* **WORK TO COMPLETE**: Nothing but the pictures may be left out. Restate the rest of the entries word for word.

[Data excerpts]
>>
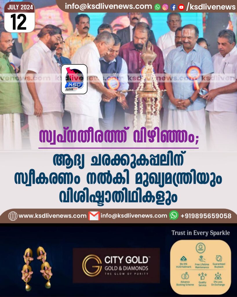 സ്വപ്നതീരത്ത് വിഴിഞ്ഞം: ആദ്യ ചരക്കുകപ്പലിന് സ്വീകരണം നല്കി മുഖ്യമന്ത്രിയും വിശിഷ്ടാതിഥികളും
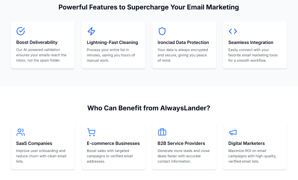 The platform uses advanced AI technology to craft personalized, engaging emails that not only bypass spam filters but also generate meaningful responses from your prospects. Whether you’re looking to boost the performance of your cold email marketing campaigns or enhance your AI lead generation capabilities, AlwaysLander offers a comprehensive solution that covers the entire email marketing funnel.
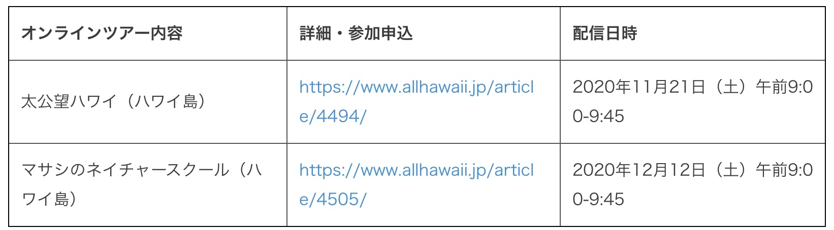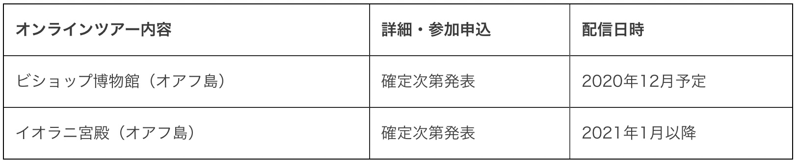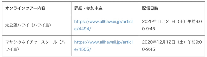 *上記プログラム内容は、2020年11月13日時点の内容です。今後、配信日時や追加ツアーが決まり次第公式ポータルサイトallhawaii内にて随時更新します。
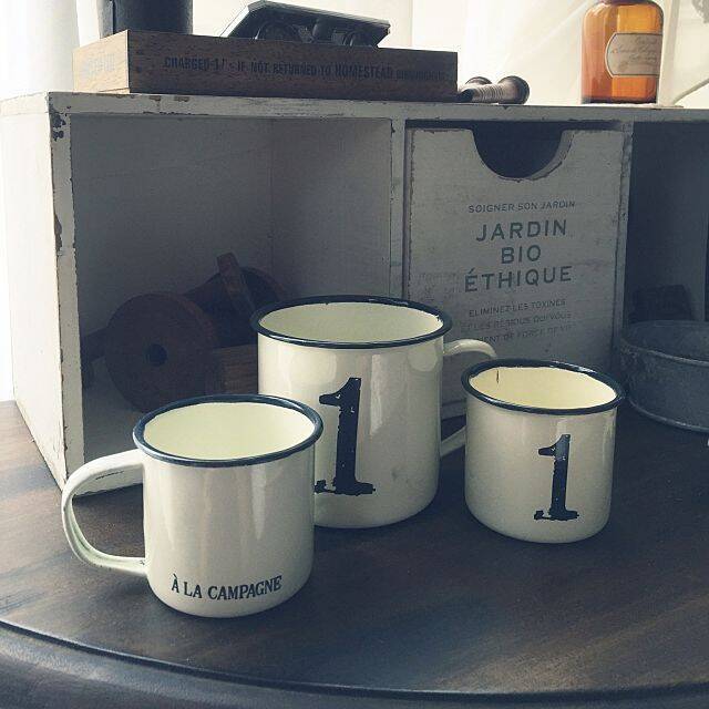 ホーロー用鉄板にホーロー加工された、インテリアカップです。ユーザーさんの実例写真でよくお見かけする、ナンバーマグにそっくりな形です。使いこまれたような味のあるデザインが、インテリアのポイントになりますよ。kikkoさんのシャビー感のあるインテリアによくマッチしています。
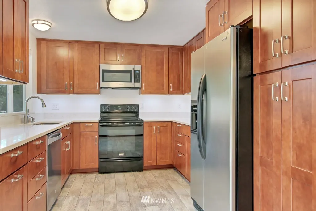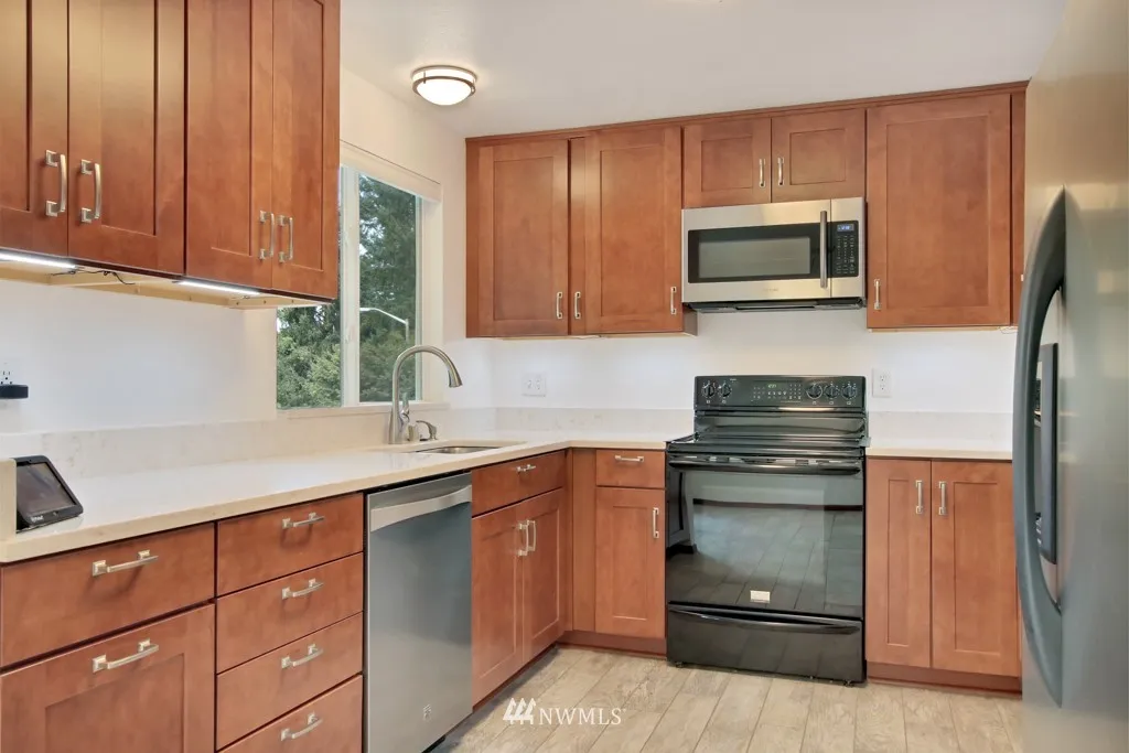 Located in a quiet cul-de-sac, home features skylight entry, new roof, new windows, new hardiplank siding, new 200% high efficient water heater & gas FP. Beautifully remodeled Kitchen w/quartz counters, soft-close cabinets w/under lighting + new SS appliances. Covered new Trex deck off kitchen overlooking fenced backyard w/new storage shed. Home is secured w/ADT Pulse. Seller offering 5k credit at closing for painting or? A great opportunity to make this your own! 1 yr home warranty included!
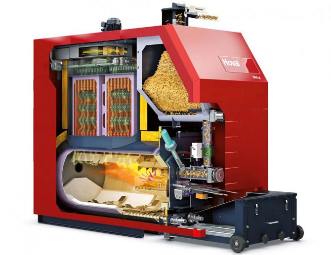 Chaudière à granulés Hoval en coupe.
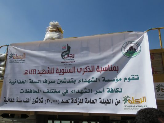 دشنت الهيئة العامة للزكاة اليوم، مشروع توزيع 30 ألف سلة غذائية على أسر الشهداء في مختلف محافظات الجمهورية بالتعاون والتنسيق مع مؤسسة الشهداء بمناسبة الذكرى السنوية للشهيد.
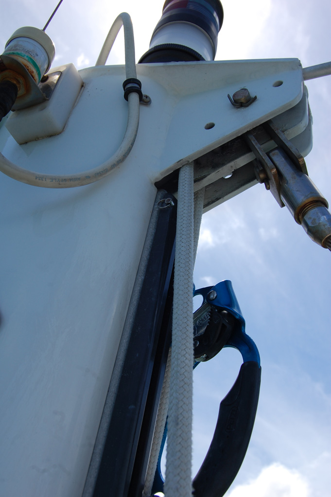 When we arrived at Majuro in November we noticed that our main halyard had two major chafe spots in it – one where it came…
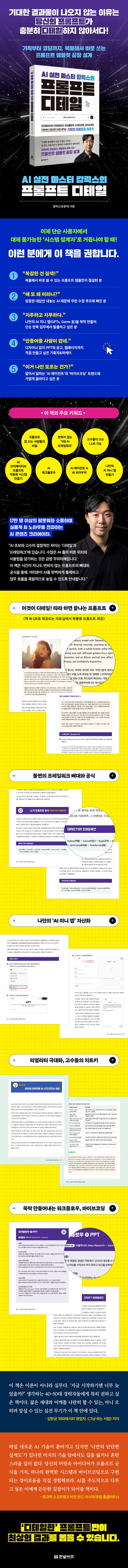 더 이상 남이 만든 프롬프트를 복사해 쓰지 말자. 복잡한 코딩 지식이 없어도 이 책 속의 디테일한 지시를 따라 하다 보면, 업무를 넘어 일상생활에서도 AI를 완벽하게 활용할 수 있다. AI 초보자도 단숨에 상위 1%로 도약하는 압도적 생산성의 차이! 그 비밀은 ‘디테일’에 있다.
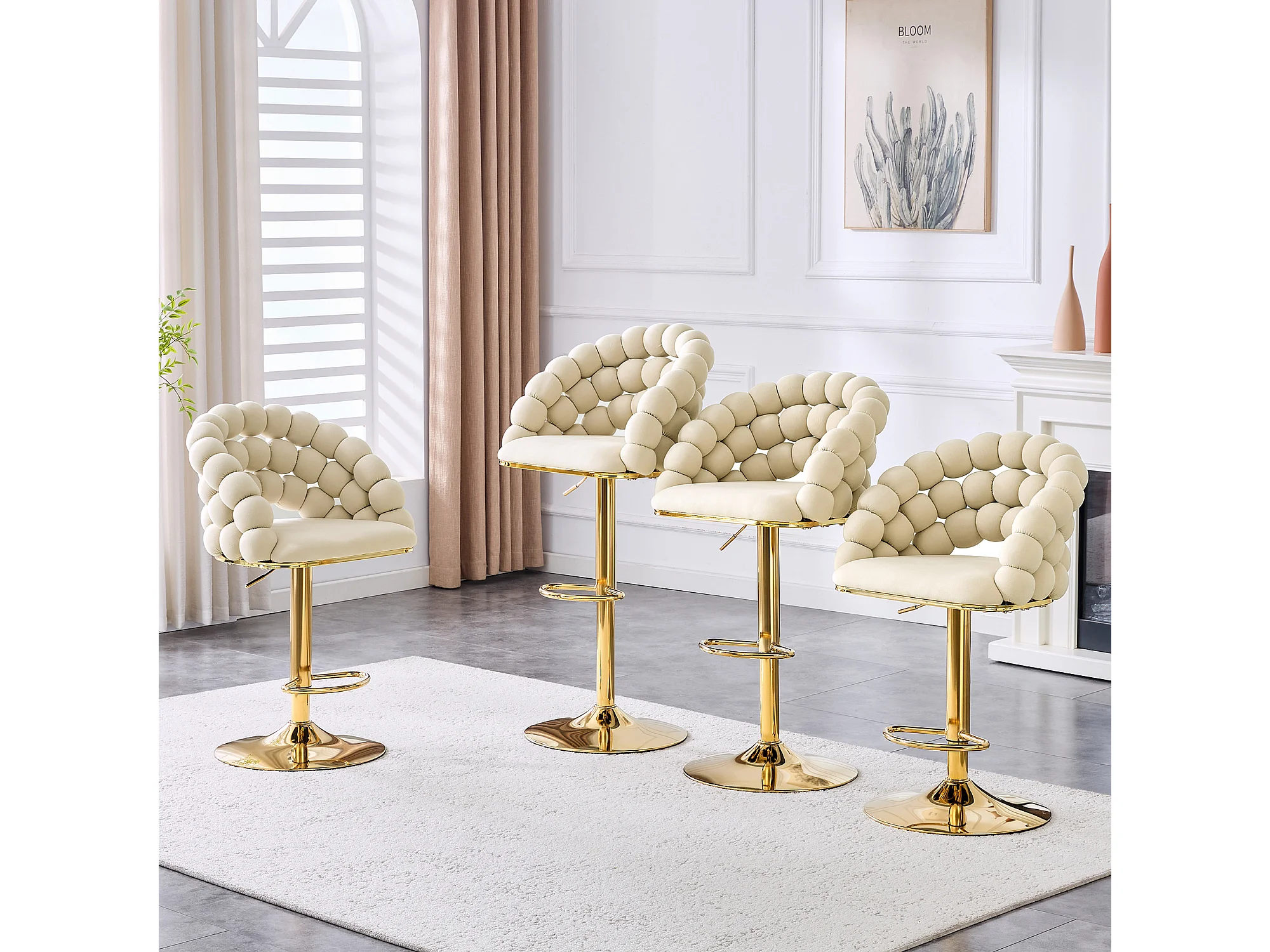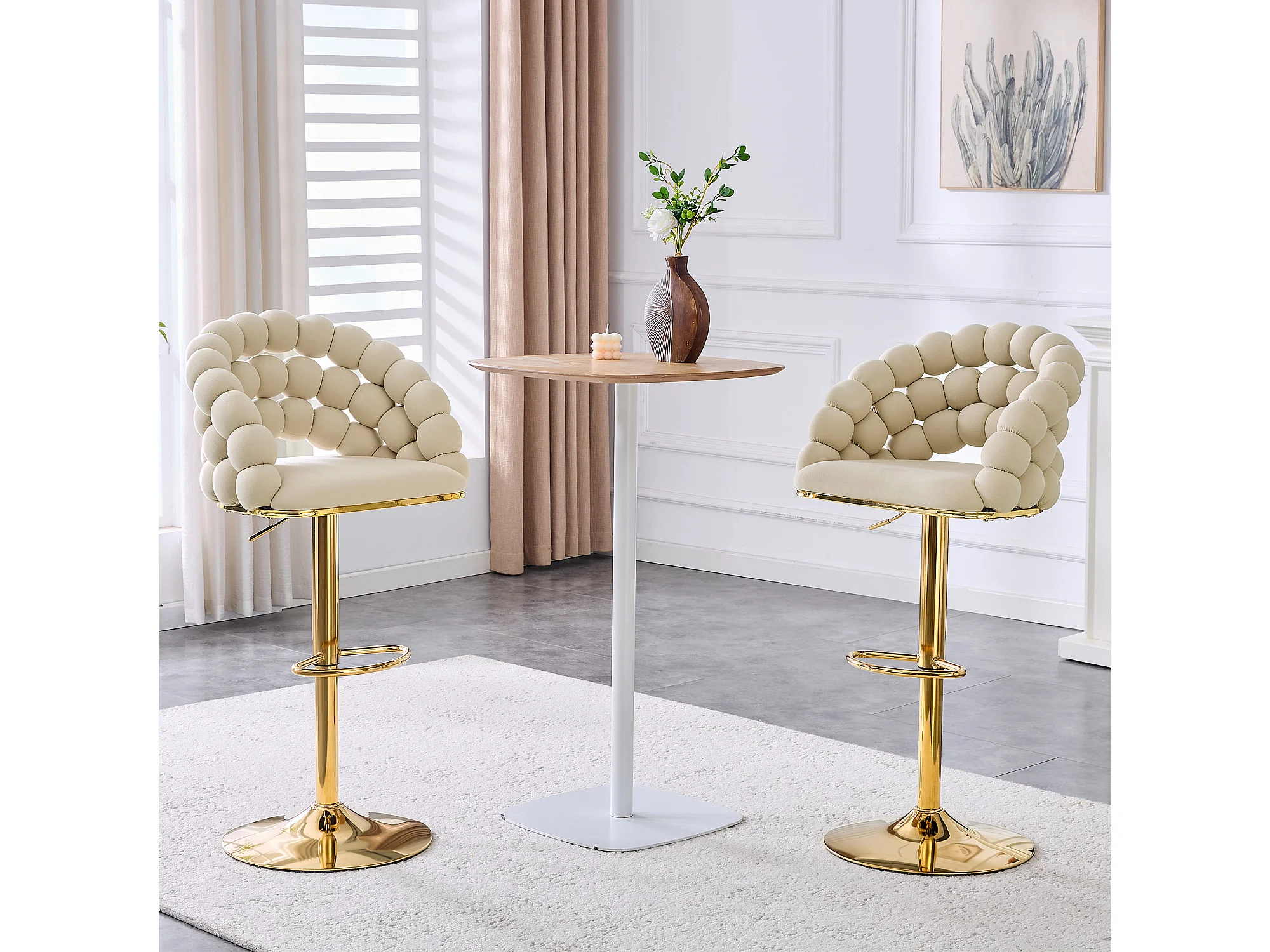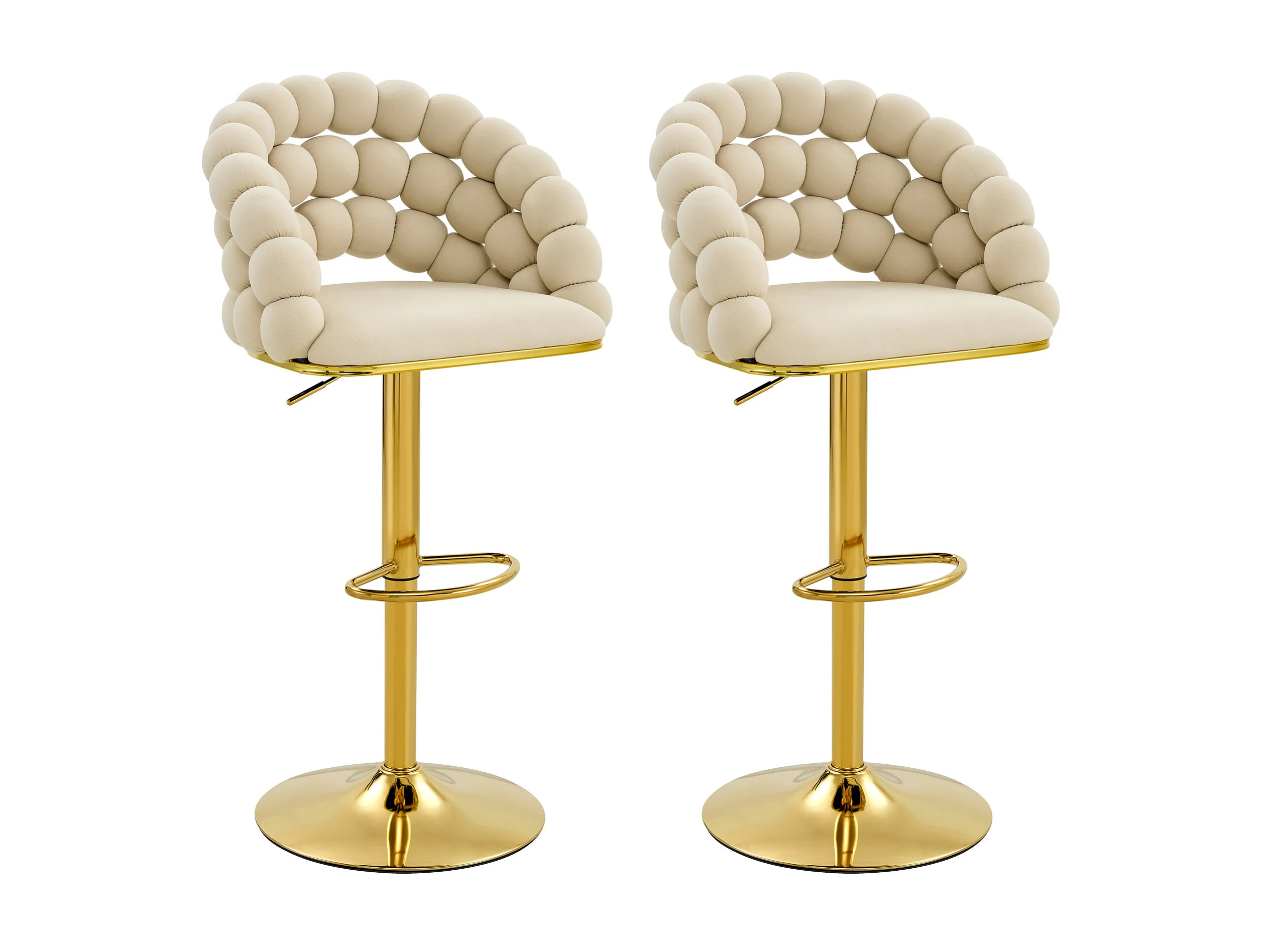 Set van 2 barkrukken, in hoogte verstelbaar 65-112 cm, rugleuning met kralenkettingen, comfortabele zitting, metaal en fluweel, gebroken wit
<<
* **EXERCISE ANSWER**:
 സ്വപ്നതീരത്ത് വിഴിഞ്ഞം: ആദ്യ ചരക്കുകപ്പലിന് സ്വീകരണം നല്കി മുഖ്യമന്ത്രിയും വിശിഷ്ടാതിഥികളും
 The platform uses advanced AI technology to craft personalized, engaging emails that not only bypass spam filters but also generate meaningful responses from your prospects. Whether you’re looking to boost the performance of your cold email marketing campaigns or enhance your AI lead generation capabilities, AlwaysLander offers a comprehensive solution that covers the entire email marketing funnel.
 *上記プログラム内容は、2020年11月13日時点の内容です。今後、配信日時や追加ツアーが決まり次第公式ポータルサイトallhawaii内にて随時更新します。
 ホーロー用鉄板にホーロー加工された、インテリアカップです。ユーザーさんの実例写真でよくお見かけする、ナンバーマグにそっくりな形です。使いこまれたような味のあるデザインが、インテリアのポイントになりますよ。kikkoさんのシャビー感のあるインテリアによくマッチしています。
 Located in a quiet cul-de-sac, home features skylight entry, new roof, new windows, new hardiplank siding, new 200% high efficient water heater & gas FP. Beautifully remodeled Kitchen w/quartz counters, soft-close cabinets w/under lighting + new SS appliances. Covered new Trex deck off kitchen overlooking fenced backyard w/new storage shed. Home is secured w/ADT Pulse. Seller offering 5k credit at closing for painting or? A great opportunity to make this your own! 1 yr home warranty included!
 Chaudière à granulés Hoval en coupe.
 دشنت الهيئة العامة للزكاة اليوم، مشروع توزيع 30 ألف سلة غذائية على أسر الشهداء في مختلف محافظات الجمهورية بالتعاون والتنسيق مع مؤسسة الشهداء بمناسبة الذكرى السنوية للشهيد.
 When we arrived at Majuro in November we noticed that our main halyard had two major chafe spots in it – one where it came…
 더 이상 남이 만든 프롬프트를 복사해 쓰지 말자. 복잡한 코딩 지식이 없어도 이 책 속의 디테일한 지시를 따라 하다 보면, 업무를 넘어 일상생활에서도 AI를 완벽하게 활용할 수 있다. AI 초보자도 단숨에 상위 1%로 도약하는 압도적 생산성의 차이! 그 비밀은 ‘디테일’에 있다.
 Set van 2 barkrukken, in hoogte verstelbaar 65-112 cm, rugleuning met kralenkettingen, comfortabele zitting, metaal en fluweel, gebroken wit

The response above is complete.